Review – Skydiggers

Album: Let’s Get Friendship Right
Release Date: October 4, 2019
Genre: Alternative Rock

Let’s Get Friendship Right is the newest album from Toronto based band, Skydiggers.

In their press release, Skydiggers says the album was created in response to the recent loss of several friends and family members – specifically to use the power of music to heal in this difficult time. The mood of grief does indeed seem baked into the DNA of each song of Let’s Get Friendship Right, but overall, optimism and hope are the moods of this album. Using slightly horse, hushed male vocals, layered chorus, electric guitar & bass, electronic samples, drum, horns, harmonica, saxophone, Let’s Get Friendship Right is generally a light and hopeful album. Even the name of the album itself ‘Let’s Get Friendship Right’ infers a previous loss, but overriding optimism to try again and be successful.
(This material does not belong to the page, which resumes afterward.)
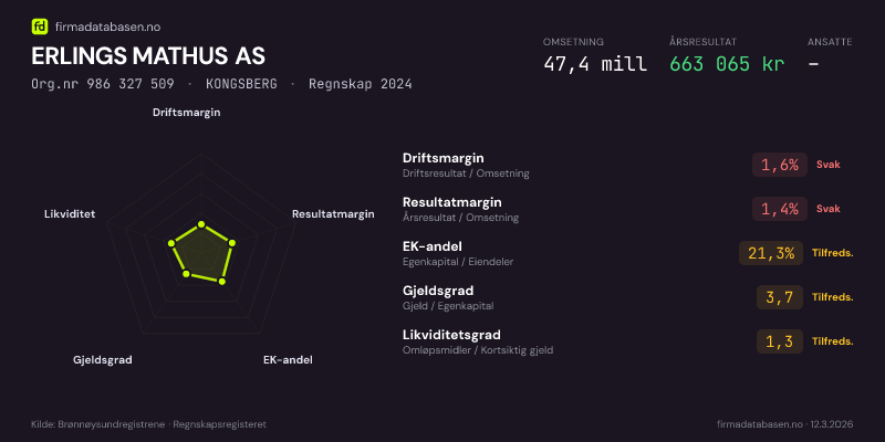 ERLINGS MATHUS AS,KONGSBERG — jo større areal, jo sterkere økonomi.Org.nr 986 327 509 · Regnskap2024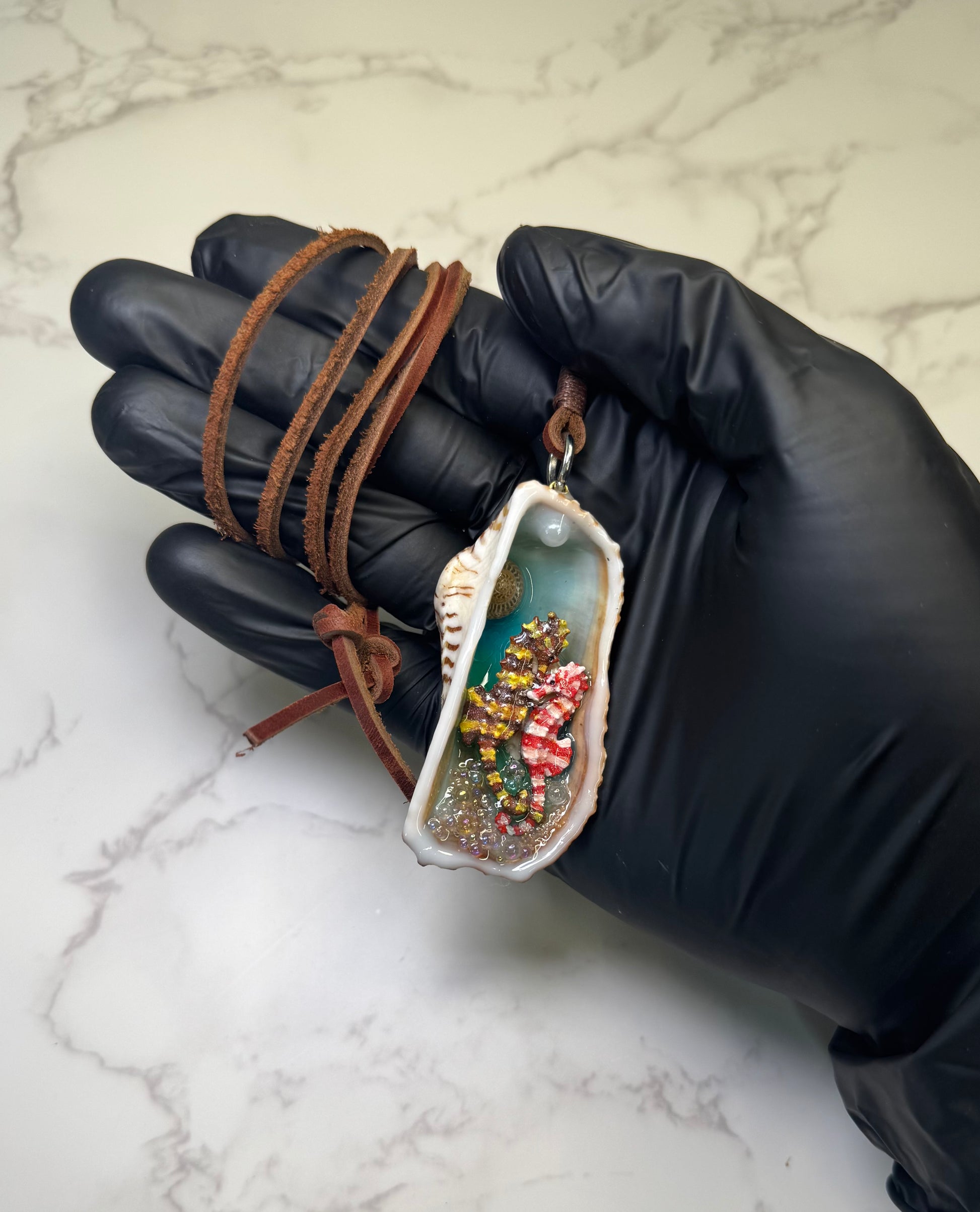 🌊 Materials: exotic seashell, miniature seahorses, clear micro-balls, sand, epoxy resin, UV protection

Standouts on the albums to me were the tracks “Questions of Love” and “Ineligible”. “Questions of Love” is a bouncy departure from the slower rhythm of some of the other tracks of the album, with upbeat, funky guitar riffs, horn, and saxophone solos. This track has incredible energy I would love to dance to at the feet of a Skydigger’s stage. “Ineligible” is almost the polar opposite of “Questions of Love”, though, as the lead singer angrily speaks (not sings) lists of discriminatory legal language for ‘ineligibility’ over the chaotic instrumentation of their full band. This experimental format really helps the listener feel the frustration of being told one is ineligible by reason of race, gender, orientation or religion. This is the only angst-ridden track on Let’s Get Friendship Right and seems a cathartic release for the aforementioned grief that seems to haunt but not override the tone of previous tracks. It’s not a track for dancing, but for anyone who has had condescending language of bureaucracy tell them they were ‘ineligible,’ I think it will resonate heavily.